▶ _EXERCISE OBJECTIVE_
The expected output is the data below, character for character, without its pictures.

▶ _DATA SHOWN_
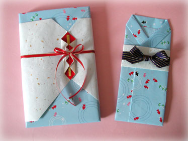 向かって右側の、浴衣に見立てた袋の中には、商品券や図書券等が入ります。左側は箱を包んだ後、掛け紙と熨斗をアレンジ。
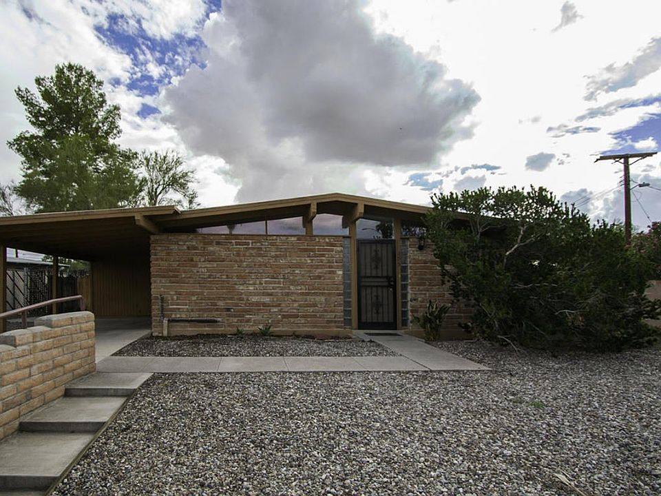 For more information on this property, contact the Listing Agent, Janina Miller at (520) 237-3111 or JaninaM@LongRealty.com. Mid-Century Modern eastside burnt adobe brick ranch home features newer flooring & interior paint. Kitchen & baths have newer solid wood cabinets. Kitchen has new counter tops and sink. New light fixtures throughout. Also includes breakfast bar & built-in shelving. Master Bath has spacious walk-in shower. Two fully fenced back yards with a shed for more storage. Mature landscaping. Enjoy the outdoors & stunning mountain views on the backyard covered patio. Highly desirable eastside Tucson location at Broadway/Kolb. Plenty of parking. RV parking space available. No HOA. The evaporative cooler, water filter, irrigation system are As-Is.
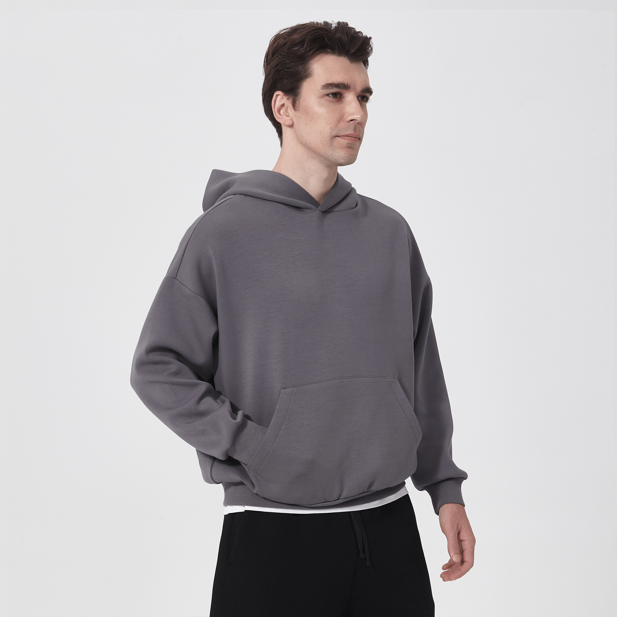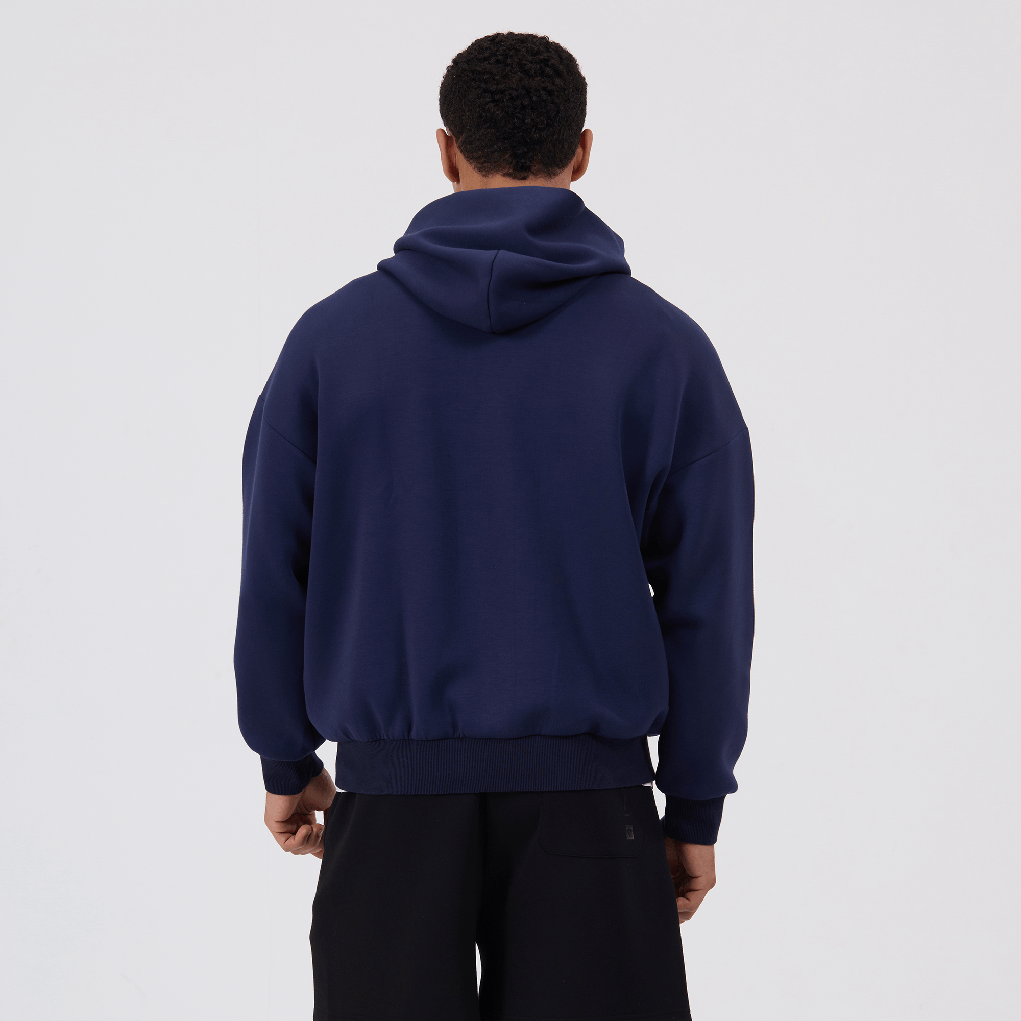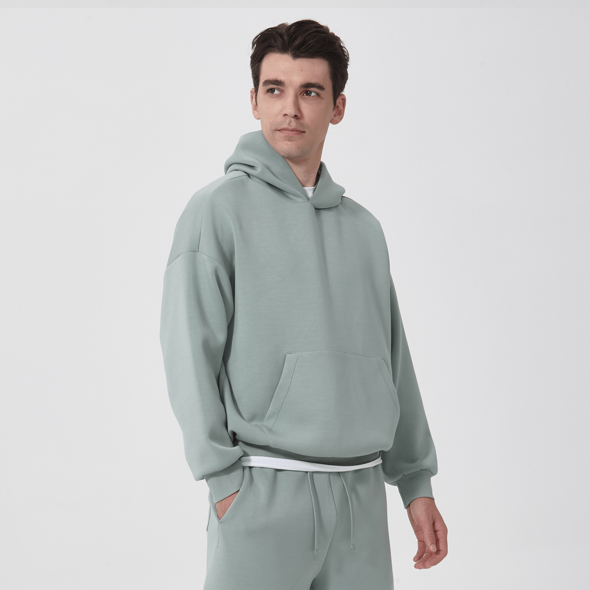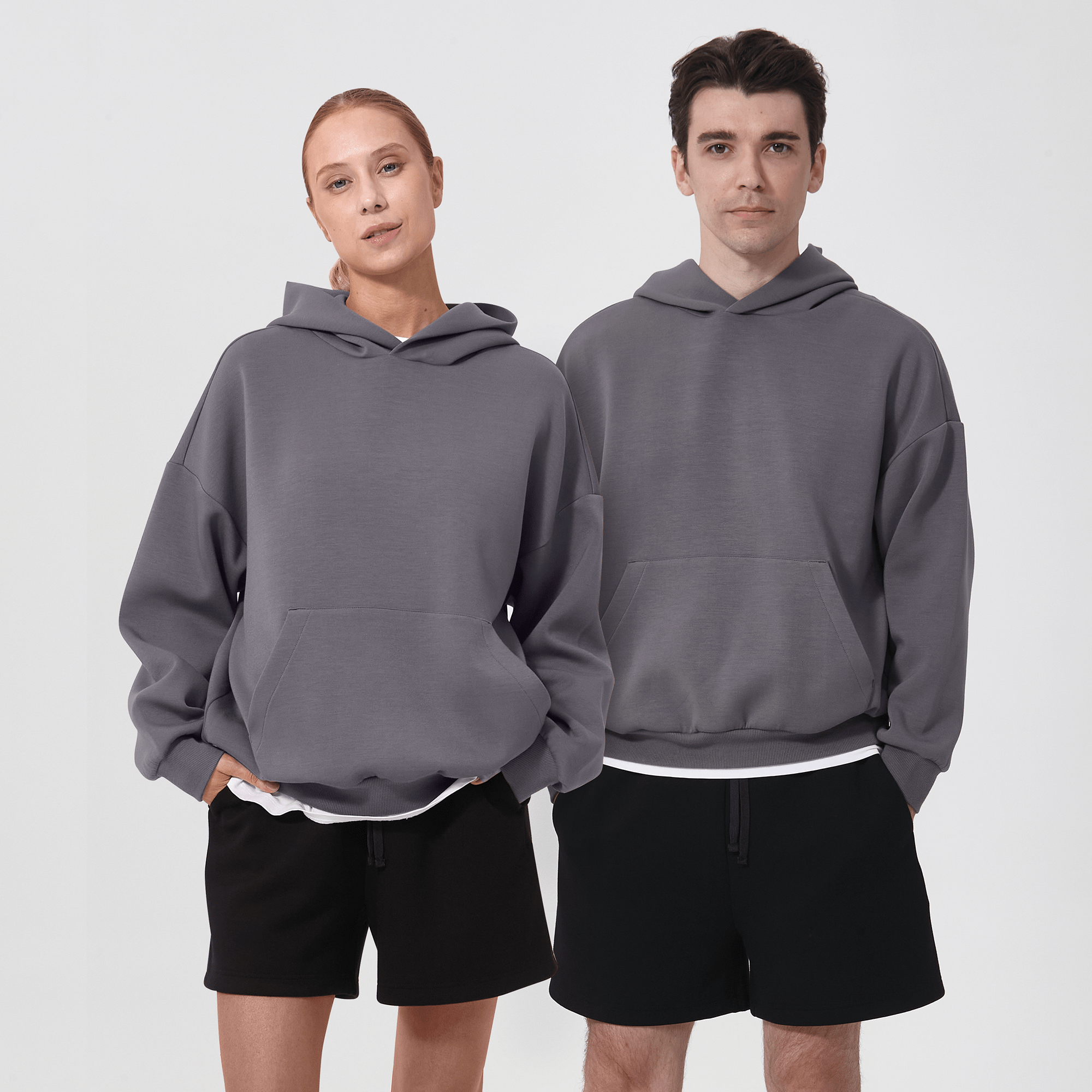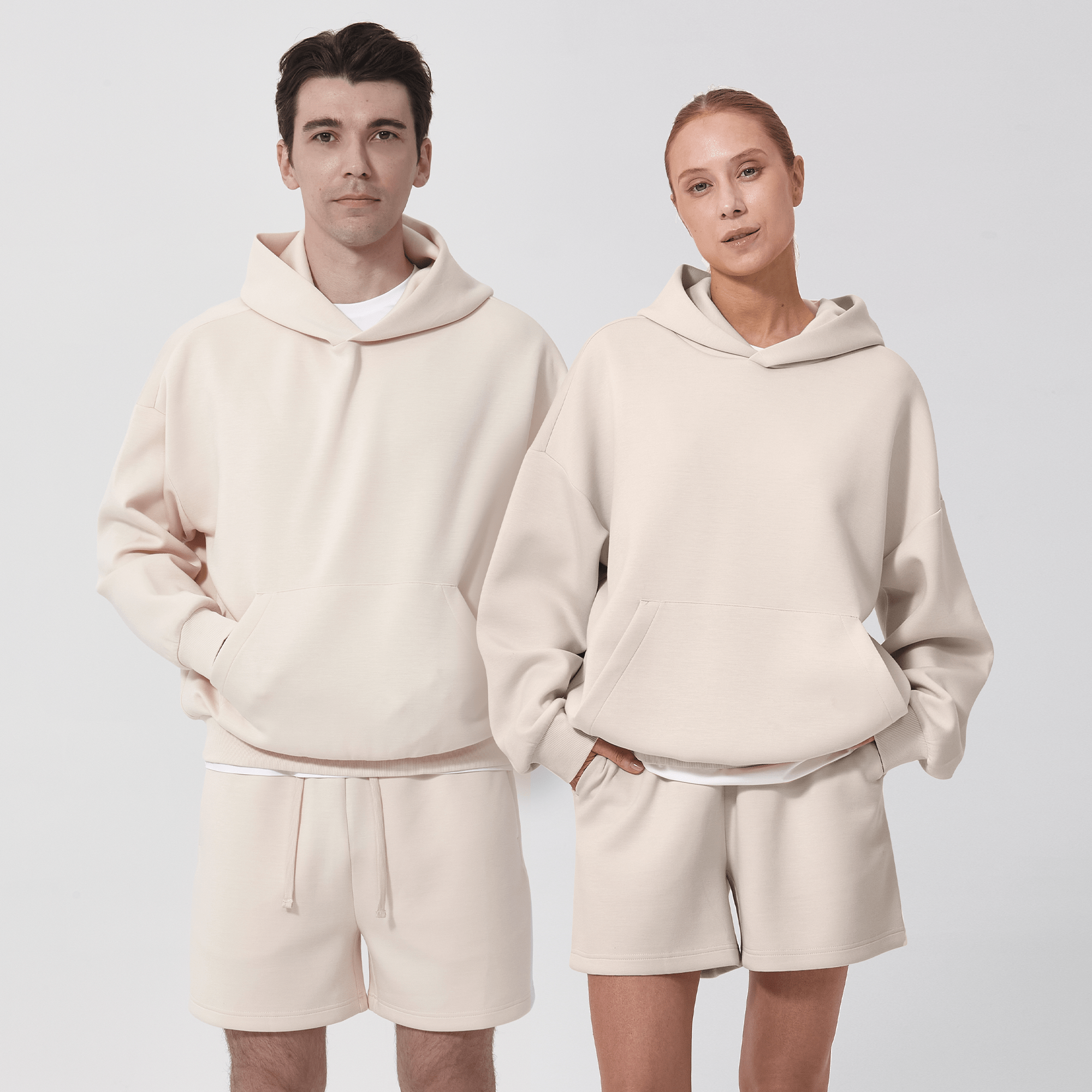 The Luxe Signature Hoodie redefines casual comfort with its unisex sizing and eco-friendly materials, making it a perfect choice for anyone looking to elevate their casual wear. Constructed from a sustainable blend of 50% recycled polyester, 43% viscose, and 7% spandex, this hoodie is designed for durability and comfort with a touch of stretch. It features an oversized drop shoulder silhouette that provides a relaxed, contemporary fit suitable for diverse body types. The classic kangaroo pocket adds practicality and warmth, while the ribbed body band and sleeve cuffs ensure a snug fit that retains its shape. Ideal for layering or wearing on its own, the Luxe Signature Hoodie combines effortless style with conscious manufacturing, offering a versatile and cozy addition to your wardrobe.

▶ _TASK OUTPUT_
 向かって右側の、浴衣に見立てた袋の中には、商品券や図書券等が入ります。左側は箱を包んだ後、掛け紙と熨斗をアレンジ。
 For more information on this property, contact the Listing Agent, Janina Miller at (520) 237-3111 or JaninaM@LongRealty.com. Mid-Century Modern eastside burnt adobe brick ranch home features newer flooring & interior paint. Kitchen & baths have newer solid wood cabinets. Kitchen has new counter tops and sink. New light fixtures throughout. Also includes breakfast bar & built-in shelving. Master Bath has spacious walk-in shower. Two fully fenced back yards with a shed for more storage. Mature landscaping. Enjoy the outdoors & stunning mountain views on the backyard covered patio. Highly desirable eastside Tucson location at Broadway/Kolb. Plenty of parking. RV parking space available. No HOA. The evaporative cooler, water filter, irrigation system are As-Is.
 The Luxe Signature Hoodie redefines casual comfort with its unisex sizing and eco-friendly materials, making it a perfect choice for anyone looking to elevate their casual wear. Constructed from a sustainable blend of 50% recycled polyester, 43% viscose, and 7% spandex, this hoodie is designed for durability and comfort with a touch of stretch. It features an oversized drop shoulder silhouette that provides a relaxed, contemporary fit suitable for diverse body types. The classic kangaroo pocket adds practicality and warmth, while the ribbed body band and sleeve cuffs ensure a snug fit that retains its shape. Ideal for layering or wearing on its own, the Luxe Signature Hoodie combines effortless style with conscious manufacturing, offering a versatile and cozy addition to your wardrobe.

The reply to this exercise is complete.